Why is change so hard? If we could update our software in lockstep everywhere, life would be easy. Database columns would be renamed simultaneously in clients and servers. Every API client would jump forward at once. Peers would agree to new protocols without dispute.

Alas, because we can’t actually change all our systems at once, our changes must often preserve both:

Backward compatibility, making new code compatible with existing data. Forward compatibility, making existing code compatible with new data.

Backward compatibility is straightforward. It’s the ability to open old documents in new versions of the program. Forward compatibility, the ability to open documents in formats invented in the future, is rarer. We can see forward compatibility in web browsers, which are written so the features added to HTML won’t break the ability to render new sites in old browsers.

As any web developer already knows, writing forward-compatible HTML is more art than science. The Mozilla Developer Network maintains this guide with advice on the subject.

The need to maintain backward and forward compatibility appears in a wide variety of distributed systems, both centralized and decentralized. Let’s look more closely at several of these systems and the solutions they employ.

Stripe API versioning

Public web APIs can face compatibility challenges when trying to maintain backward compatibility with older clients. An organization like Stripe must balance their desire to change their API against their customers’ reluctance to change something that works for them. The result is strong pressure to preserve backward compatibility over time, often across many versions.

Many API developers take an ad hoc approach to this problem. Developers rely on tribal knowledge to inform them which operations are safe—for example, they intuit that they can respond with additional data, trusting existing clients to ignore it, but not require additional data in requests, because existing clients won’t know to send it. Developers also often resort to shotgun parsing: scattering data checks and fallback values in various places throughout the system’s main logic. This can often lead not just to bugs, but also security vulnerabilities.

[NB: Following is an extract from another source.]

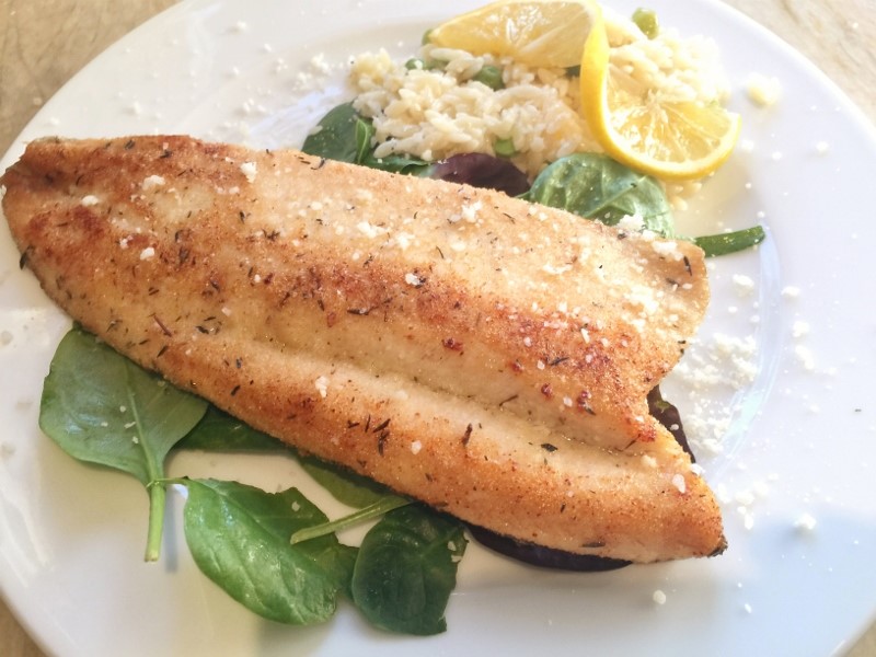 4. Drizzle 2 teaspoons of vegetable oil in a saute pan and place over medium heat. After 3 minutes, add trout, flesh side down. Cook trout for 3 minutes, or until lightly crispy, flip over. Turn heat to low and cook trout another 3-4 minutes, or until crispy skin. To plate – take a handful of mixed greens and place on plate, layer with a piece of crispy trout and spoon a dollop of orzo on side. Serve with a lemon wedge to squeeze over fish and orzo. Enjoy!

The term shotgun parsing was introduced by Bratus & Patterson, and describes the habit of scattering parser-like behaviour throughout an application’s code. In addition to complicating programs, inconsistencies in handling of data can result in security vulnerabilities, as described in the linked paper.

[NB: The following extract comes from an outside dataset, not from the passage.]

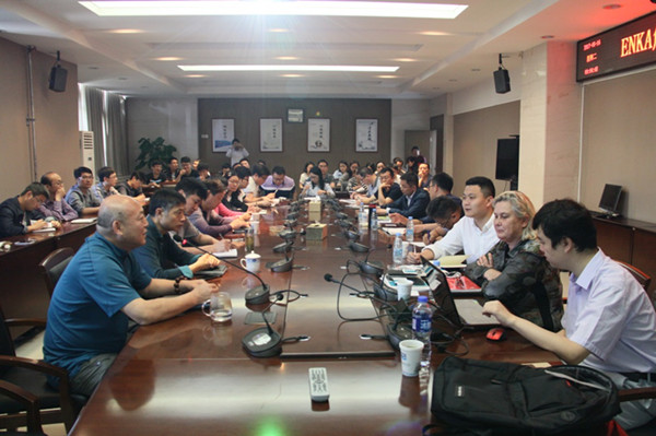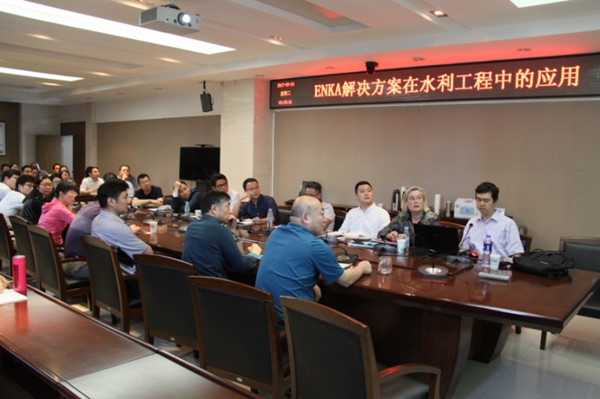 Rebaudo·Aline專家圍繞河道邊坡防護、干性邊坡和巖石坡面防護、膨脹土邊坡防護、湖區防護、排水工程等內容展開,詳細介紹了Enkamat柔性生態護坡技術的功能、特點,并分享了Enkamat的實際應用案例。針對護坡的抗沖性能、施工方法、工程造價、使用年限等問題與設計人員進行了技術交流。

Stripe has developed an elegant approach to this problem. They have built a middleware system into their API server that intercepts incoming and outgoing communication, and translates it between the current version of the system and the client’s requested version. As a result, developers at Stripe don’t need to concern themselves with the idiosyncrasies of old API requests most of the time, because their middleware ensures requests will be translated into the current version. When they want to change the API’s format, they can add a new translation to the “stack” in their middleware, and incoming requests will be translated to the current version.

Stripe uses an encapsulated middleware to translate API requests and responses between the current version and older versions still used by clients.

Our work is inspired by the encapsulation provided by this system, but Stripe’s implementation has some limitations. Developers writing migration rules must implement translations by hand and write tests to ensure they are correct. And because Stripe’s system uses dates to order its migrations, it is limited to a single linear migration path.

Kafka and message formats

Large organizations often embrace an event streaming architecture, which allows them to scale and decouple data entering their system from the processes that consume it. Apache Kafka is a scalable, persistent queue system often used for this purpose. Data schemas are paramount in these environments, because malformed events sent through the system can crash downstream subscribers. Thus, Kafka’s streams can require both backward and forward compatibility. Old messages must be readable by new consumers; new messages must be readable by old consumers.

To help manage this complexity, the Confluent Platform for Kafka provides a Schema Registry tool. This tool defines rules that help developers maintain schema compatibility—for example, if a schema needs to be backward compatible, the Schema Registry only allows adding optional fields, so that new code will never rely on the presence of a newly added field.

Untitled

An excerpt from Confluent's list of rules for preserving compatibility in Avro. Developers can pick a desired compatibility level, which then limits the changes they can make to a schema.